Mikel Smith, purportedly "Detroit's oldest raver," is the face of Detroit Threads — metro Detroit's go-to record store for electronic music, particularly Detroit techno — as well as a vintage clothing store, a Detroit-themed apparel store, and an all around resale shop where you can find anything from vintage magazines to zines, tapes, CDs and DVDs. Since 1998, Detroit Threads has occupied a storefront on the now largely defunct strip of retail shops on Joseph Campau Street in Hamtramck, where neighboring shops included the legendary electronic nightclub Motor Lounge, as well as a cafe, a small restaurant, and a few quirky boutiques and resale shops. For one reason or another, the business have closed their doors over the years, but Detroit Threads seems largely unaffected by the fickleness of small business economics, opening its doors six days a week to a consistent flow of clientele.

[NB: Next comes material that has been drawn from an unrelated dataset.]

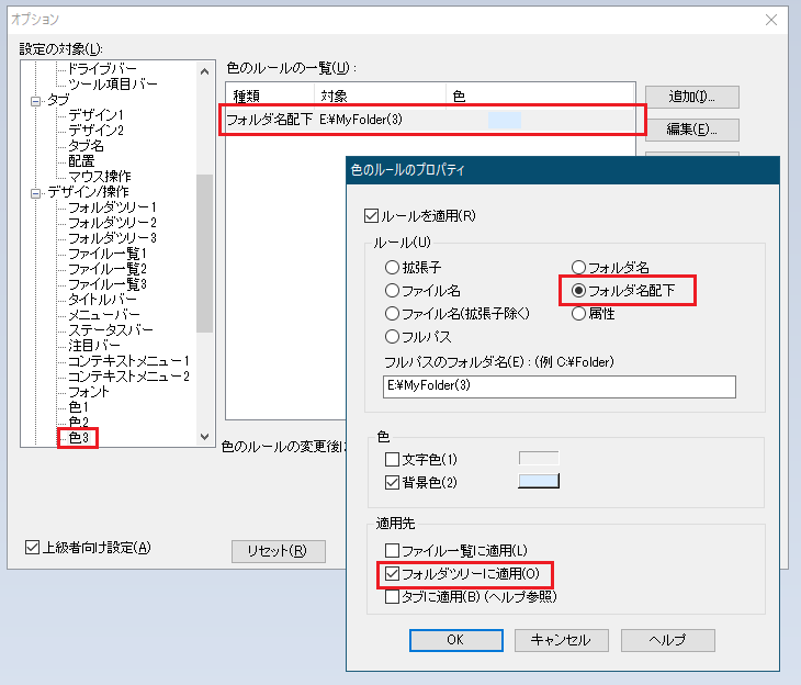 オプションの「デザイン/操作」の「色3」で詳細なルールに従った色付けの指定で、フォルダツリーやタブなどにも適用できます。

Nothing is too preciously displayed (read: there is merchandise piled everywhere) behind the old-style storefront's two large walk-in window displays, as Smith operates exclusively on street-cred and word of mouth. In the early days, Detroit Threads was the kind of place that you agonized over whether you should tell your friends about or not — a secret destination among local electro-heads on the hunt for rare records where you could see the likes of Theo Parrish and Omar S. bin digging or selling off drool-worthy chunks of their personal collections. Now, and for several years running, Detroit Threads is widely known among Detroiters and international visitors alike as a must-hit landmark during Movement festival weekend and Record Store Day, where Smith often hosts special guest DJ's (including members of Underground Resistance and Detroit Techno Militia), features special local releases, and fills the shelves with thousands of techno-oriented titles, including new and used LPs, EPs, and 10-, 12-, and 7-inches.

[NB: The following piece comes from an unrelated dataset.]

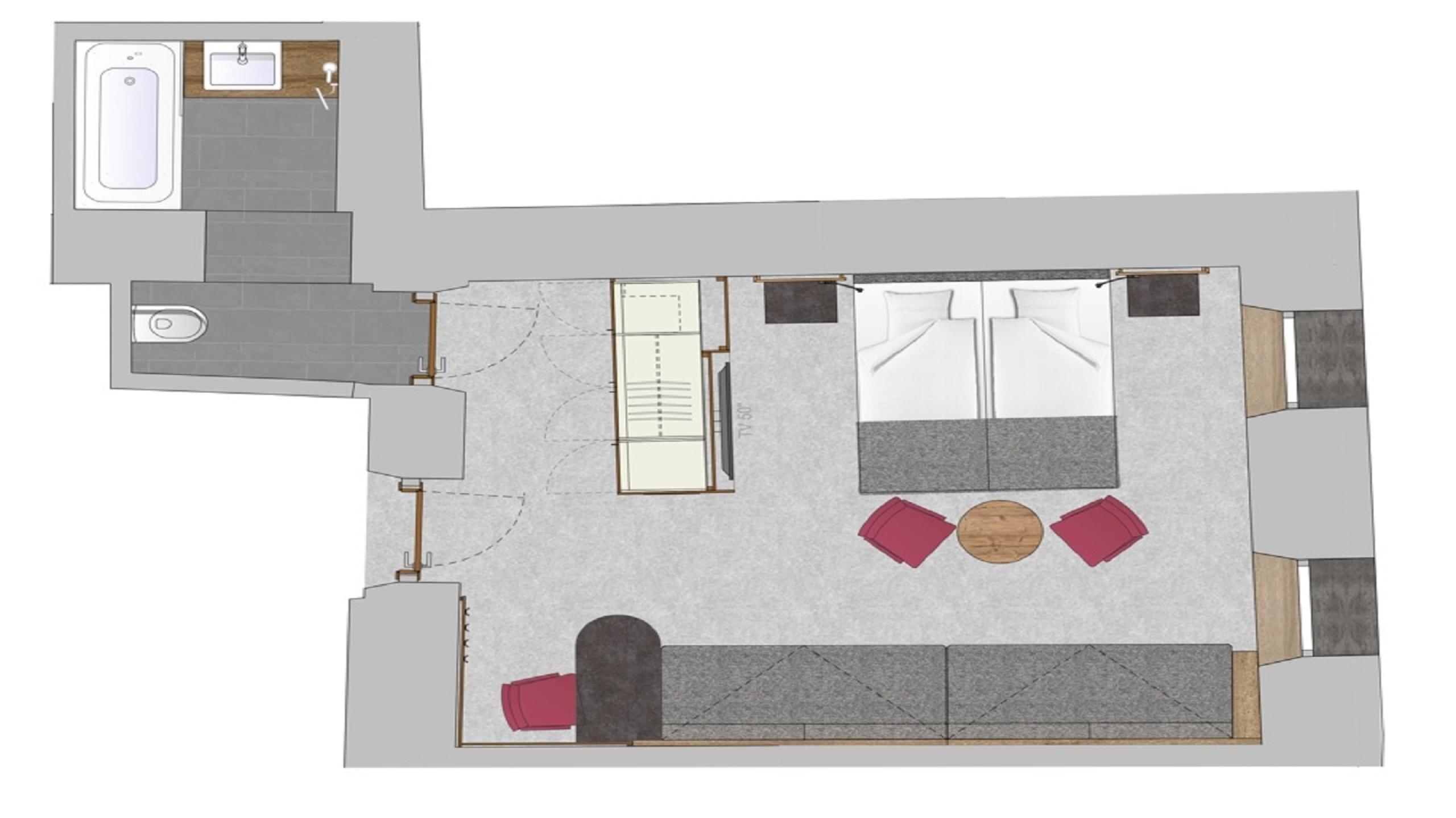 The room has a bath, WC, mini bar, hair-dryer, bathrobes, Flat-TV, safe and WiFi. Only accessible via stairs

Upon walking into the store, the throbbing beat of house music hits your ears before you have a chance to take in the wood paneled walls, industrial carpeting, fluorescent lighting, and large center counter space. The outer walls and surrounding spaces are lined with Detroit and Hamtramck graphic tees ranging in sizes from infant to adult, emblazoned with phrases like "Motor City," "Detroit Techno," and "Paczki Power," as well as logo tees from Underground Resistance, WABX, Planet E, and other local names. Alternating with the new apparel is a vibrant selection of true vintage threads, including 1950s knits and Hawaiian shirts, '60's mod sets, splashy '70's polyester patterns, studded punk cuffs, and grungy Pendleton plaids. All the gear is priced around $15, even the impressive, albeit dusty selection of hats and shoes. Stacks of vintage magazines dot the space in small stacks and include old issues of Life, Jet, and Melody Maker. All around you, merchandise fills display cases, hanging fixtures, and T-bars, in a lay-out reminiscent of an early '80s pawn shop, but instead of Rolex watches and flat-screen TV's there's Drexciya's The Quest and releases from Cryovac and Docile. The highlight and raison d'etre really is the vast record selection, divided into used and new, and genres and sub-genre's that include ghetto tech, booty, jazz, blues, disco, funk, hop-hop, gospel, new wave, industrial, downtempo, dubstep, electro, experimental, label specific sections like FXHE and Sound Signature, and of course, Detroit music.